I met a boy called Frank Mills
On September twelfth right here
In front of the Waverly
I lost his address
He was last seen with his friend,
A drummer, he resembles George Harrison of the Beatles
But he wears his hair
Tied in a small bow at the back
I love him but it embarrasses me
To walk down the street with him
He lives in Brooklyn somewhere
And wears this white crash helmet
He has gold chains on his leather jacket
And on the back is written the names
And Hell’s Angels
I would gratefully
Appreciate it if you see him tell him
I’m in the park with my girlfriend
Tell him Angela and I
Don’t want the two dollars back
This is one easy song to croon. Or belt. Ask Sewa to sing it to you sometime. (Or Susan, I’m guessin’.)
I once had an international “Frank Mills” moment. A decade ago, Alison and I took a trip to Scotland. When we arrived at the train station in Edinburgh, the Waverley, there was a street performer out front (a young man with a guitar), singing this one. I mean, he had to, didn’t he?
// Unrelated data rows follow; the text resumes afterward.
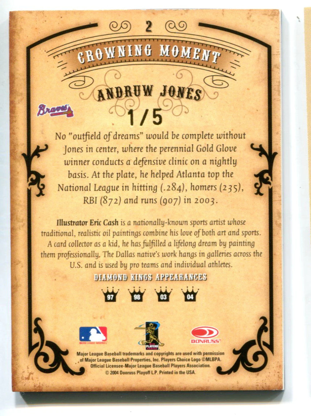 Andruw Jones 2004 Donruss Playoff Crowning Moment Autographed Card #2 /5
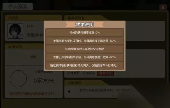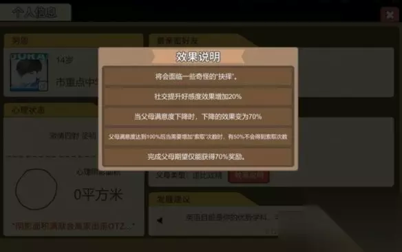 逗比戏精 为你早恋出谋划策的父母你喜欢吗?挺有意思的类型,会有额外“抉择”。负面效果是满意度满了只有一半概率给索取次数,但是另一条效果又降低了满意度下降。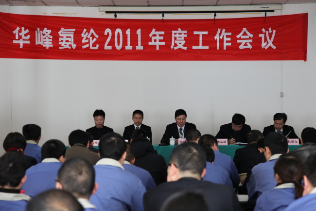 2011年2月14日,集團(tuán)2011年度工作會(huì)議和董事局(擴(kuò)大)會(huì)議后第二天,氨綸公司在莘塍工廠會(huì)議室召開(kāi)2011年度工作會(huì)議。公司總經(jīng)理?xiàng)顝牡亲骺偨?jīng)理工作報(bào)告,公司高管、中層干部及部分班組長(zhǎng)參加會(huì)議。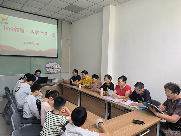 在第十五届江苏书展火热开展之际,为深化全民阅读理念,构建书香社区文化生态,长西街道引河社区于7月3日以“书香邻里·共享'悦'读”为主题,组织了一场跨代际阅读互动活动。在社区新时代文明实践站里,社区的阅读爱好者、青少年及居民代表欢聚一堂,通过经典朗诵、好书分享、互动点评等形式,让书香浸润邻里情谊,以阅读点亮成长之路。

“Sodomy,” another song short enough to list all the lyrics below, may in fact be my first exposure—so to speak—to some of these words, and it’s likely that I was singing them long before I understood them.
Father, why do these words sound so nasty?
Can be fun
Join the holy orgy
In retrospect, it seems that Hair was a useful stepping stone in my education.